Its interesting, I think, that they have replied to you before the High Court case has been determined. This might reflect confidence in their chances of success. Or alternatively they might just be "trying it on".

For one thing, I would write back and ask them where "Approved Limit" is specifically defined (and thus clearly understandable) ? I have just gone through the regs (1983/1553) and"Approved Limit" appears NOWHERE at all (indeed the word "approved is never used in any context). Its ALWAYS - ONLY EVER - Credit Limit.

The argument that "there is no requirement to use a particular phrase to describe the amount of credit" is interesting. On the one hand, it is correct to say that the creditor doesnt have to specify the amount of credit - its enough to set out how this will be determined. BUT it is still the case that the Regulations only refer to "Credit Limit". This seems to me to be little better than sophistry.

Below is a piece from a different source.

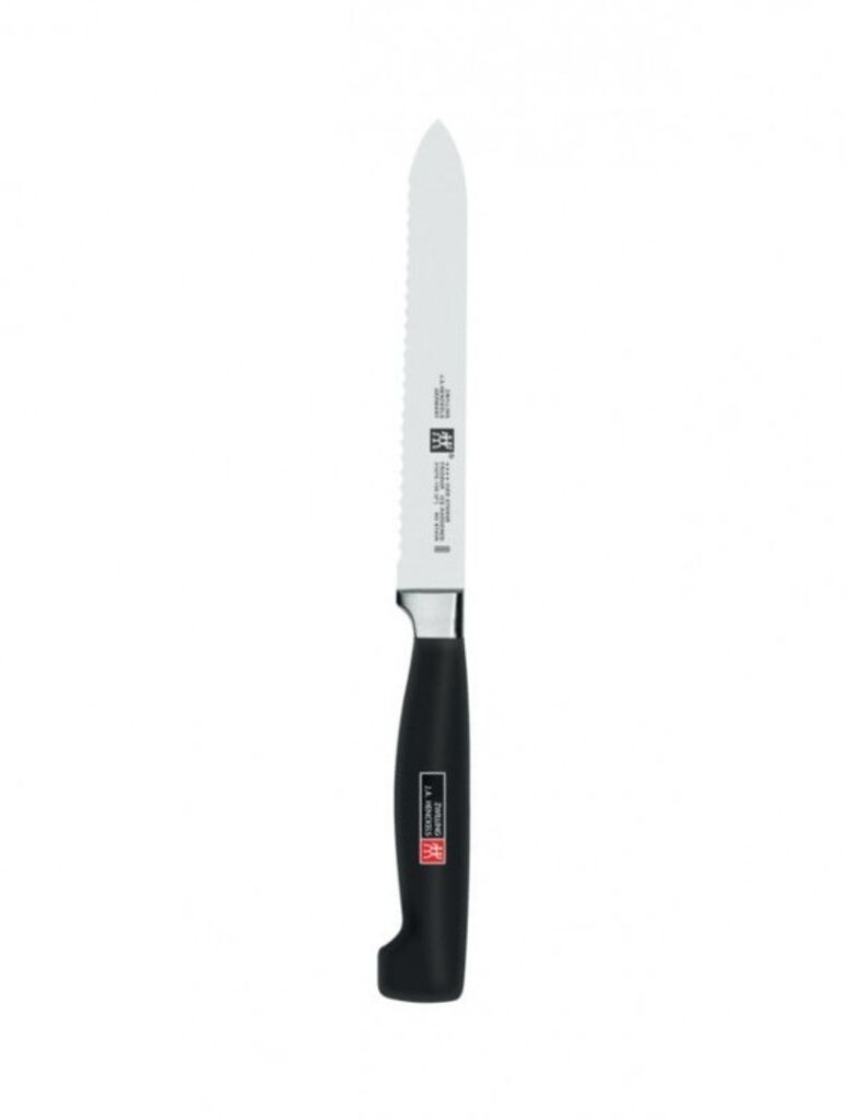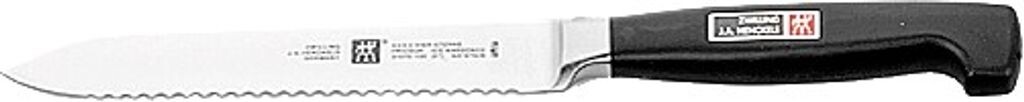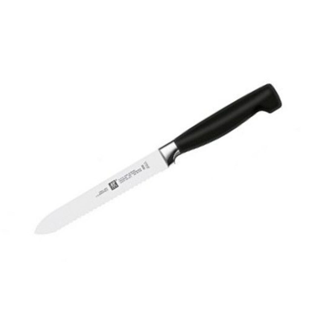 Этот универсальный нож из серии FOUR STARS впечатляет проверенным классическим дизайном. Этот нож характеризуют эргономичность и высокий уровень комфорта в обращении. Это нож среднего размера с длиной лезвия 13 см, который можно использовать по-разному. Зазубренная кромка делает универсальный нож универсальным помощником на кухне, позволяя нарезать колбасу, сыр или помидоры удобными ломтиками. Он особенно идеален для приготовления закусок и холодных блюд.

It does seem to be confirmed by their subsequent reference to 8(b) which actually reads

(b) a statement that the credit limit will be determined by the creditor from time to time under the agreement and that notice of it will be given by him to the debtor;"

It would seem to me that what they are trying to do is cause confusion by pointing out that they dont have to specify the exact amount of credit - which they dont - but they are also alleging in telling the debtor that their limit will be determined as set out in 8(b) they can use the phrase "Approved Limit" rather than "Credit Limit". So its back to where is "Approved Limit" specifically defined. I suspect that they might say to this that its in their T&Cs (I cant find it in the Regs), but, of course, it has to be in the signature document. Therefore unless they can persuade the High Court that "Approved Limit" is close enough to "Credit Limit", they have a problem.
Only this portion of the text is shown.